Bon Iver Finds Solace In Electronics On New Album

A review of ’22, A Million’

Kanye West loves Bon Iver's Justin Vernon. More specifically, in an interview with BBC 1, West said that he "loves Justin like Kanye loves Kanye" and that Vernon is "his favorite living artist." That's quite the compliment and quite a way to thrust Bon Iver into the brightest of spotlights—somewhere Vernon doesn't seem too keen on hanging out. Yet West's influence is all over his third Bon Iver album which works to make 22, A Million one of this year's most sublime pieces of work. Sorry, Justin, but you deserve every inch of the spotlight this album will award you.

When Vernon first collaborated with West, many questioned how music's most outspoken human linked up with the man who receded into the woods to record a debut album. All doubts were lost when "Monster" dropped; their sonic rapport solidified when "Lost In The World" came out with the release of West's My Beautiful Dark Twisted Fantasy. Combined, their respective methods of expressing vulnerability made for harshly warm melodies and confessions. Vernon softens West while West hardens Vernon. It's a rich relationship, and it's distinctive.

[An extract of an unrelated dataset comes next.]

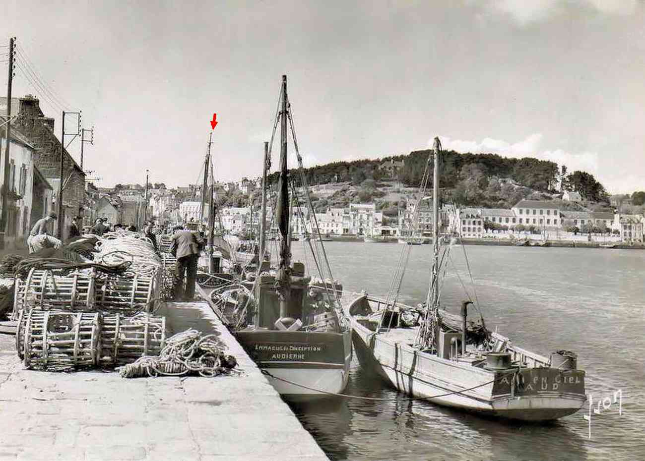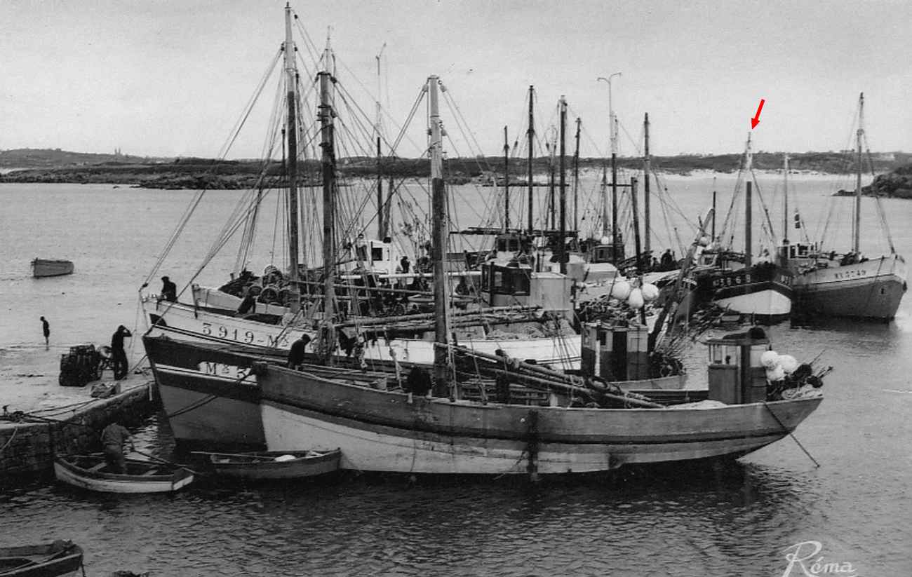 "Reine d'Ys" a été vendu au quartier de Morlaix en 1959 ( MX 3968 ) . Il pratiquera la pêche aux casiers à partir de Moguériec |

For 22, A Million, Vernon seems to have internalized his time with West and is using it to his advantage. He's taken his grassroots approach to music and translated it through vocoders and other electronic distortion methods. Songs like "21 M♢♢N WATER" glitch in ways that sound like a mistake, but work to exploit the technology and digital sphere. The juxtaposition of real instruments with the fake choir transforms his voice, and the blips of chimes in "666 ʇ" create a sonic space that's both alien and soothing. Like Sufjan Stevens' foray with electronics, 2010's The Age Of Adz, 22, A Million finds its comfort in the discomfort. 

Themes of impermanence run through the album. The lyric "It might be over soon" is repeated six times throughout the course of the album's opening track, "22 (OVER S∞∞N)." What follows are musings on complacency and pain ("00000 Million") and a lost sense of self ("715 - CRΣΣKS," the album's standout emotional powerhouse). Fame and all its privileges have left Vernon with more questions than worldly answers. Instead of retreating to the woods, he retreats into the electronic world, and, in turn, finds something sublime and jarring. 22, A Million is a holy triumph and one that deserves to be loved as much as Kanye loves Kanye.

22, A Million is out today, September 30 via Jagjaguwar.